### [Task to carry out]
From the entries below, reproduce exactly the lines from the one with "在针织创新设计方向宣讲环节,陈继红副教授" through the one with "Shupei: Y también, la", both included, without images.

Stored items
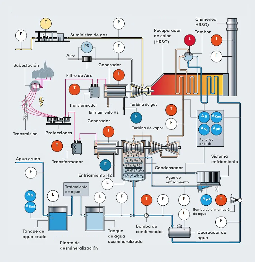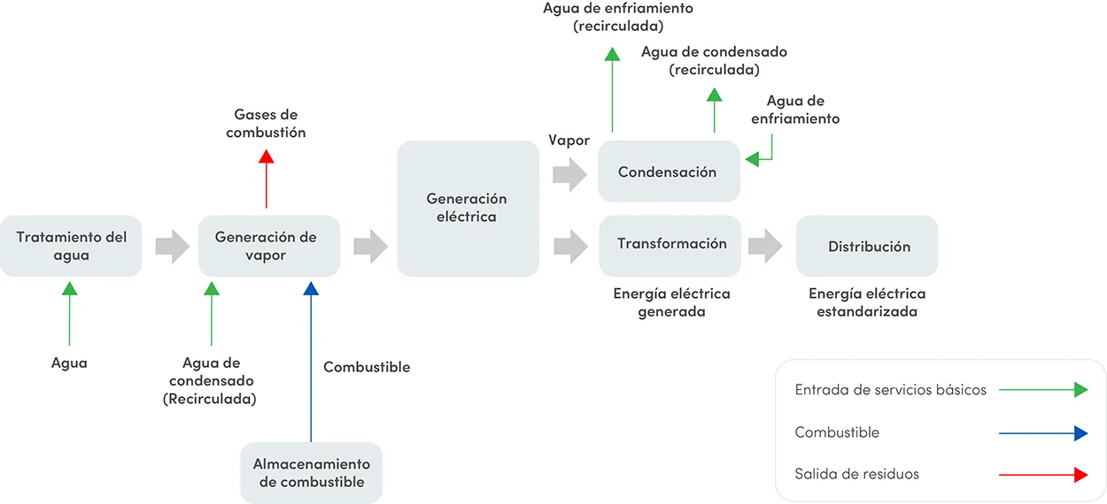 La central termoeléctrica convierte la energia termica del vapor en energia cinética transferida a una turbina que hacen mover el rotor de un generador que convierte finalmente esta energía en eléctrica.
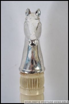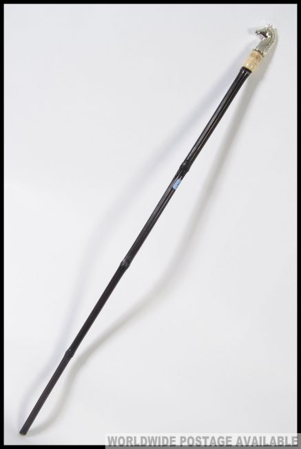 A 20th century gentleman`s cane having a silver metal horses head handle with an Ivory collar and ebonised shaft H92cm
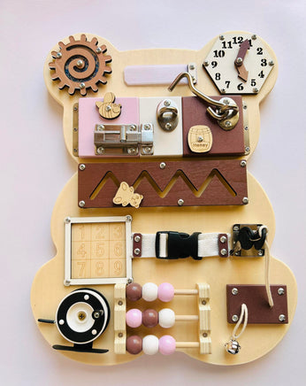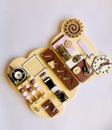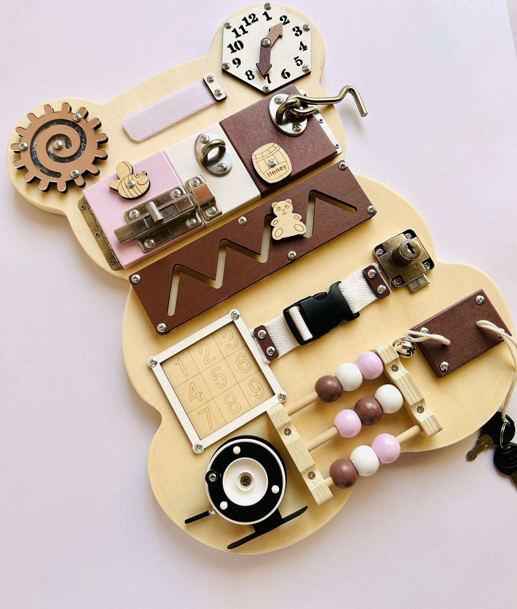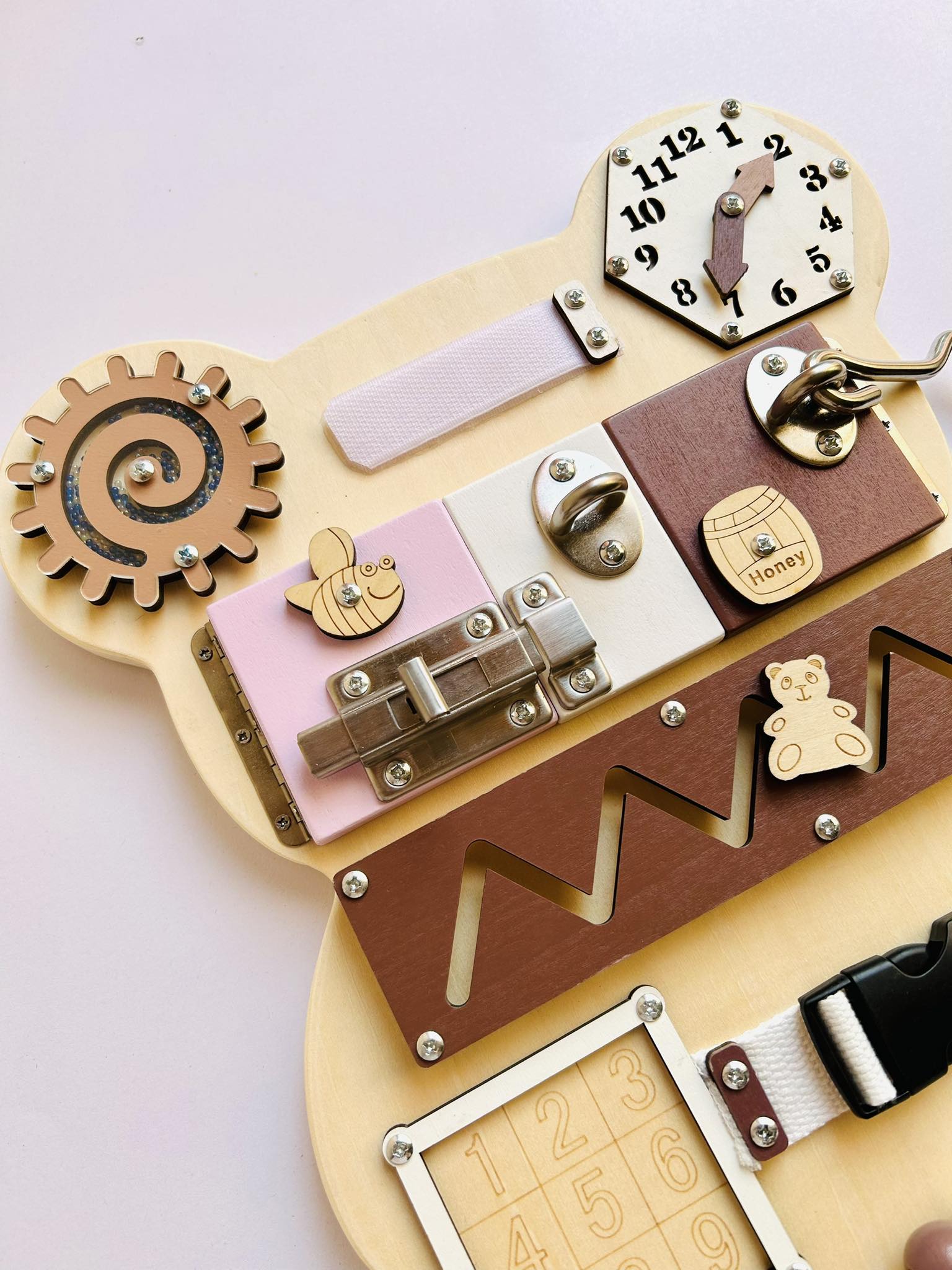 Con una variedad de elementos táctiles, desde cierre, hasta engranajes giratorios, cada componente está diseñado cuidadosamente para fomentar el desarrollo cognitivo y motor de tu bebé. ¡Además, con colores vibrantes y diseño encantador, nuestro Busy Board es una adición visualmente estimulante a cualquier espacio de juego!
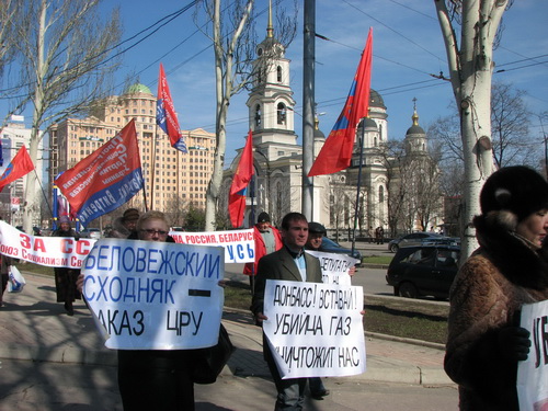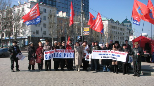 На площади Ленина состоялся митинг. Все выступающие говорили о том, что все 22 года власть Украины, нарушала волю народа, высказанную на референдумах и закрепленную Декларацией о государственном суверенитете. 17 марта 1991 года 80,2 % украинских граждан выбрали Союз. Союз не создали, а за 22 года власть распродала, разбазарила всю социалистическую собственность и превратила народ Украины в нищих, обездоленных и бесправных, заставила бомжевать на задворках Европы и других стран.
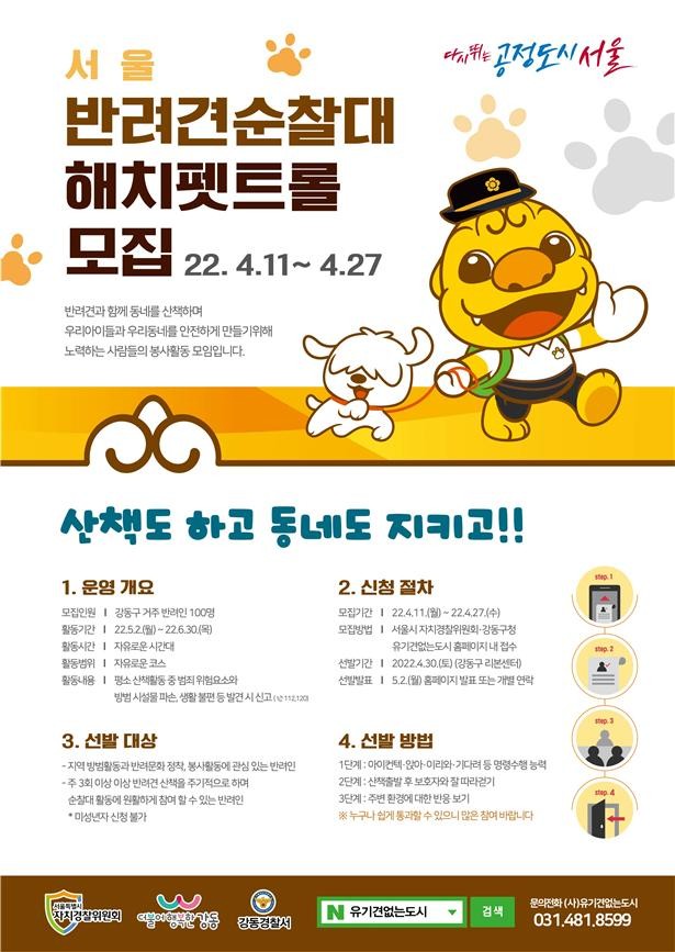 참여 신청은 서울시자치경찰위원회 및 강동구 홈페이지를 통해 온라인 접수하면 된다. 강동구 소재 ‘리본 센터’ 반려견 교육 수료자 및 유기견 입양자를 우선선발하고 일정한 심사를 통과한 일반 모집 신청자 등 총 100명을 선발해 운영한다.
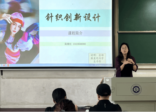 在针织创新设计方向宣讲环节,陈继红副教授就该方向的发展历程、行业需求、模块课程构成及优秀学生的职业发展进行了详细地介绍。该模块课程旨在熟悉针织工艺和技术的基础上,从训练思维的弹性推动针织创意样品设计的开发,探索针织材料的特征属性,并延展成从元素到形态到款式的设计逻辑推进能力;用实践实验过程验证设计的可能性和多样性,最终培养将概念转化落地的设计整合实操能力。
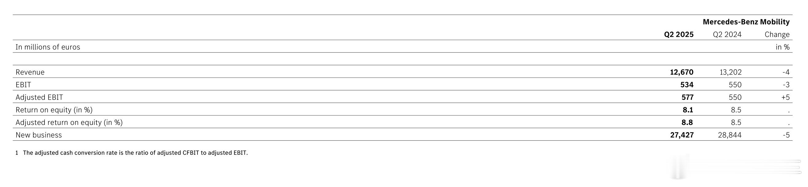 看了一下上半年的Mercedes-Benz Mobility AG财报,表现是比车辆制造这块业务好的。截图上的Q2应该是Q1-Q2,这是官方财报的BUG。
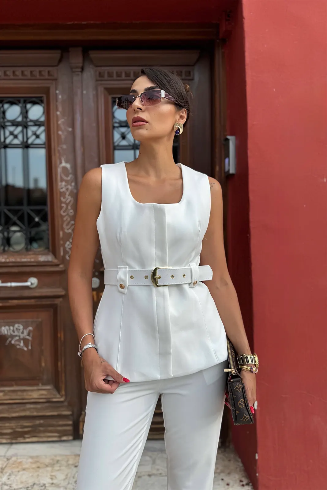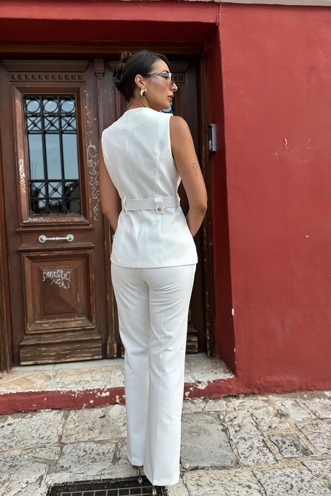 Lymea Σετ Σακάκι με Ζώνη και Παντελόνι – Λευκό
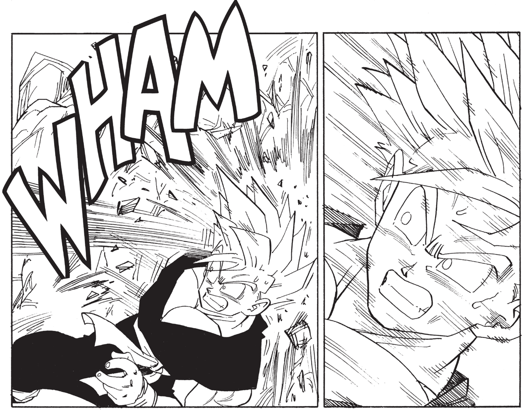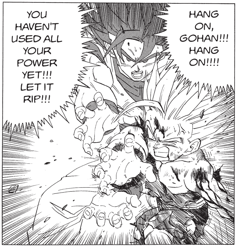 Shupei: Y también, la escena del Kamehameha padre-hijo. La escena donde Goku aparece detrás de Gohan, quien grita. Como Goku está muerto, ahora depende de Gohan derrotar a Cell.
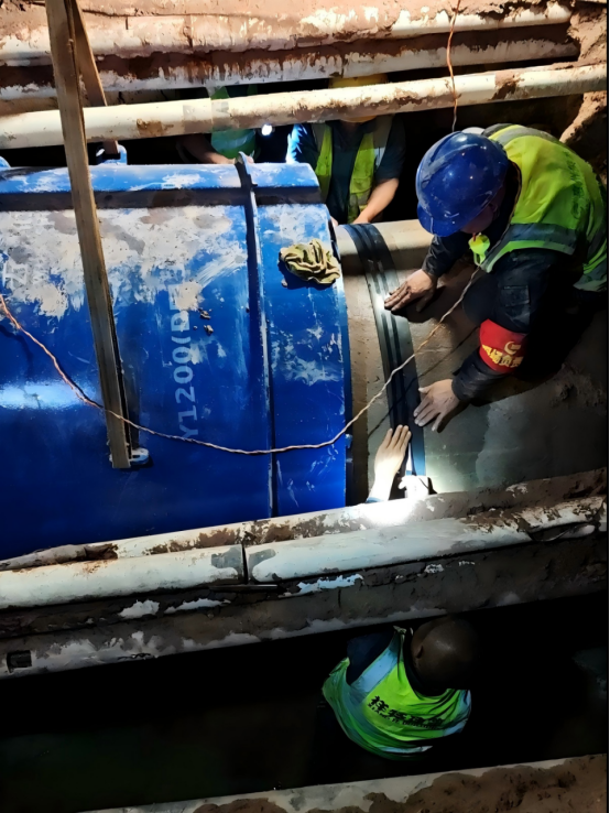 開挖現(xiàn)場變成了一個燈火通明的“地下手術(shù)室”。鉆孔機靜立一旁,搶修隊員們依靠人力,像考古學(xué)家般小心翼翼地在管線夾層中清理出作業(yè)面。泥水混雜,空間逼仄,抽水泵在一旁不知疲倦地轟鳴,將不斷滲出的積水及時排走。每一次鐵鏟的起落,隊員們都格外專注。 泥漿與地下滲水濕透了工裝,但所有人的注意力都高度集中于一點:將那副特制的、重達數(shù)百公斤的“搶修夾”精準(zhǔn)吊裝到位。它如同一個巨大的“血管夾”,在漏點處被穩(wěn)穩(wěn)合攏、緊固,憑借強大的密封力瞬間止住漏水。整個過程,管道壓力平穩(wěn),未影響區(qū)域正常供水。

### [Answer to the problem]
 在针织创新设计方向宣讲环节,陈继红副教授就该方向的发展历程、行业需求、模块课程构成及优秀学生的职业发展进行了详细地介绍。该模块课程旨在熟悉针织工艺和技术的基础上,从训练思维的弹性推动针织创意样品设计的开发,探索针织材料的特征属性,并延展成从元素到形态到款式的设计逻辑推进能力;用实践实验过程验证设计的可能性和多样性,最终培养将概念转化落地的设计整合实操能力。
 看了一下上半年的Mercedes-Benz Mobility AG财报,表现是比车辆制造这块业务好的。截图上的Q2应该是Q1-Q2,这是官方财报的BUG。
 Lymea Σετ Σακάκι με Ζώνη και Παντελόνι – Λευκό
 Shupei: Y también, la escena del Kamehameha padre-hijo. La escena donde Goku aparece detrás de Gohan, quien grita. Como Goku está muerto, ahora depende de Gohan derrotar a Cell.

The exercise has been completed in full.